MEC – Você acha que a geração de hoje tem essa viagem de resgatar o passado ou não está nem aí para a história?
AJ – Os referenciais são outros. Procuro entender, afinal, nos anos 1970 e 1980 não tínhamos a concorrência dos jogos virtuais. Não como hoje. Meu filho de 15 anos fala naturalmente “vai ter um major no Rio de Janeiro agora em novembro”. Então, pessoas da minha geração logo pensam: será um torneio de golfe, de tênis? “Não, pai! Eu já te falei, é de CS.” Ah, sei… Claro que me lembro (mentira). Mas, ao menos o Ronaldinho Gaúcho e Hulk eles contarão aos seus filhos. Eles viveram intensamente essas conquistas.
MEC – Qual atleta que você gostaria de escrever a biografia e porque?
AJ – Tenho predileção pela tragédia. O futebol anda de mãos dadas com o drama, com a fatalidade. Talvez os joões de Garrincha sejam um bom tema. Quem sabe João Berruga, o primeiro João a marcá-lo em sua cidade natal, Pau Grande. E que tal Nildon Birro-Doido, o zagueiro do Bahia que evitou o milésimo gol de Pelé na Fonte Nova? Até trio elétrico estava contratado para entrar no campo após o gol histórico. É sobre isso. É mais sobre o homem do que sobre o atleta.
MEC – Qual sua expectativa com a seleção brasileira?
AJ – Não consigo torcer contra. E sempre acho o Brasil um dos favoritos à conquista. Mas o nível técnico, mundo afora, emparelhou seleções que antes não entravam no radar. Ganhar uma Copa do Mundo não é uma tarefa fácil. Pergunte a um holandês. A Seleção Brasileira nos deixou mal acostumados, nos vendeu a falsa impressão de facilidade. Mas não ficarei em cima do muro: seremos campeões com um gol de queixo do Pedro. O problema é o VAR anular ao traçar a linha no queixo do nosso atacante com o ombro do zagueiro argentino.
MEC – Quem é o melhor jogador do mundo na história do futebol?

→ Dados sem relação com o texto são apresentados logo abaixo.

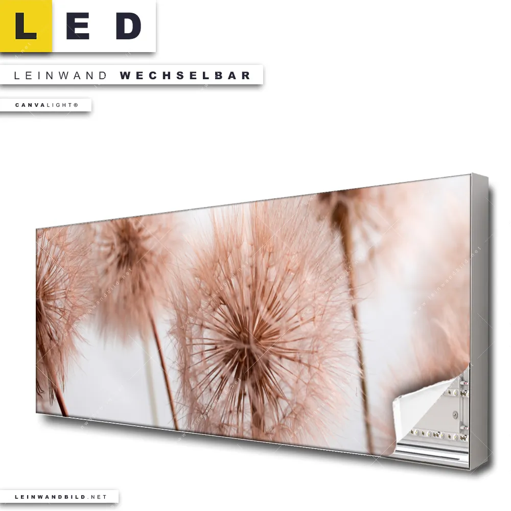 Du bist auf der Suche nach einem Blumen - Botanik LED Leinwandbild im Panorama-Format? Begriffe wie Blume, Botanik, Pflanze, Natur, Nahaufnahme, Pusteblume, Dandelion haben Dich auf der Suche nach Deinem neuen XXL LED Wandbild mit wechselbarer Leinwand inspiriert? Farben wie Beige, Weiss, Rosa dürfen auf Deinem neuen extra breiten Leinwand-LED-Bild nicht fehlen und Leuchtbilder im Minimalistisch, Retro - Vintage Stil passen perfekt zu Deinem Einrichtungsstil?

AJ – O ponta esquerda Pepe, o Canhão da Vila, tinha um cartão de apresentação com os dizeres: “maior artilheiro da história do Santos”. Está bem, e Pelé? Ele respondia, todo bonachão: “dos seres humanos, sou eu. Pelé não é desse mundo”. Portanto, acho que não posso escolher o nosso eterno rei da camisa 10. Aliás, tem outro jogador hors concours, não teria pra ninguém: Mauro Shampoo. Permanecer como ídolo do Ibis por 12 anos e ter feito apenas um gol na carreira é um feito inigualável. Esse gol pertence a uma atmosfera épica. Responda-me, leitor: você já fez um gol como profissional? De resto, anote em pedacinhos de papel alguns nomes como Messi, Maradona, Ronaldo, Cruyff, Beckenbauer, Garrincha, Zidane, e mais alguns de sua preferência. Jogue os papéis para o alto e pegue um. Será um excelente melhor jogador do mundo de todos os tempos. Lógico que depois de Pelé e Mauro Shampoo.